=== Material for the task ===
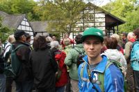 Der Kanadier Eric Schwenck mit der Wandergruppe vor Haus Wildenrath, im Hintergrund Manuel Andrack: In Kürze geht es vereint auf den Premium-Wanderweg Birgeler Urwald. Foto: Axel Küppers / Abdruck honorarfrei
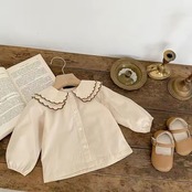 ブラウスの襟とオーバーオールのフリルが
===
=== Material for the task ===
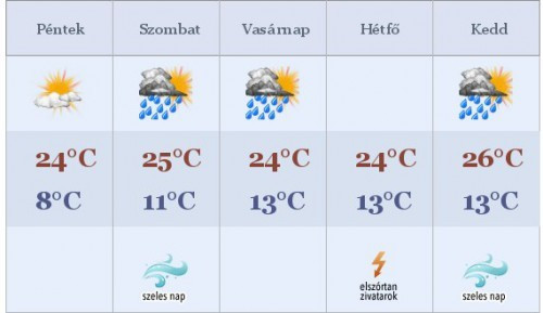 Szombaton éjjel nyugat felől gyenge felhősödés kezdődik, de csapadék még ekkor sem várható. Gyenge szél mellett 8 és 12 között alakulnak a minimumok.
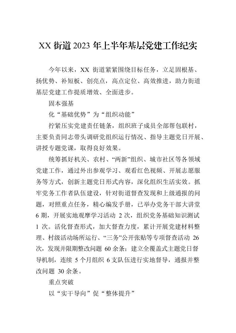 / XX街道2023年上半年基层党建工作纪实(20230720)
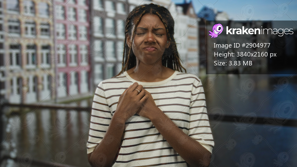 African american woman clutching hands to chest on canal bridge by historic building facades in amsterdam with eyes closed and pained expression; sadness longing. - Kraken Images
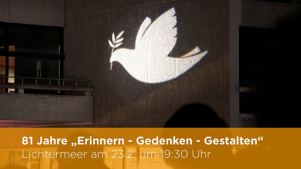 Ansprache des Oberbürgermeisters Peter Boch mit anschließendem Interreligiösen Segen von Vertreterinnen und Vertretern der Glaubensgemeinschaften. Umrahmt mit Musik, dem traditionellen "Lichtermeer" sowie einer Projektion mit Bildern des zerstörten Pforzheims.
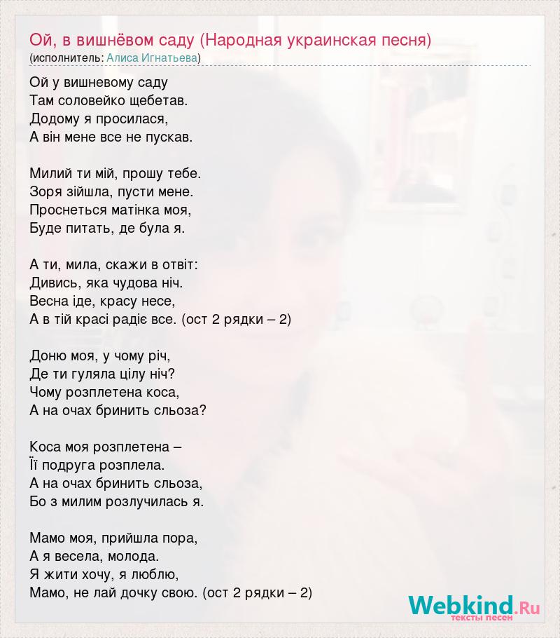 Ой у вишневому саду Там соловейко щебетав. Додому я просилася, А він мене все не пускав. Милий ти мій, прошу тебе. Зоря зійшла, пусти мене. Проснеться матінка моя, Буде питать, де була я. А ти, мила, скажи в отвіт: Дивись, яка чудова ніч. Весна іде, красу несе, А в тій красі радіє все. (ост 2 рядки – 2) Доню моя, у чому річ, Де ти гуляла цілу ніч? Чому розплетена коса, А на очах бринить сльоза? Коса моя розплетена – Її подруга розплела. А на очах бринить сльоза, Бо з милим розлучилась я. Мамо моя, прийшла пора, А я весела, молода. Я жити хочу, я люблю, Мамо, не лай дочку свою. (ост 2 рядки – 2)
===
=== Material for the task ===
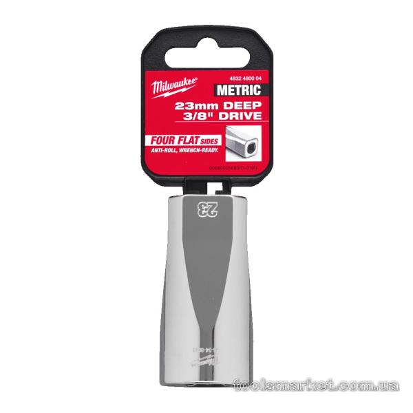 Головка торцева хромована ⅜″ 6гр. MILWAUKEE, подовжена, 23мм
===
**Description of the task**
Although the records above contain pictures, the copy should not; retype exactly the lines from the one containing "Der Kanadier Eric" through the one containing "ブラウスの襟とオーバーオールのフリルが".

**Result of the exercise**
 Der Kanadier Eric Schwenck mit der Wandergruppe vor Haus Wildenrath, im Hintergrund Manuel Andrack: In Kürze geht es vereint auf den Premium-Wanderweg Birgeler Urwald. Foto: Axel Küppers / Abdruck honorarfrei
 ブラウスの襟とオーバーオールのフリルが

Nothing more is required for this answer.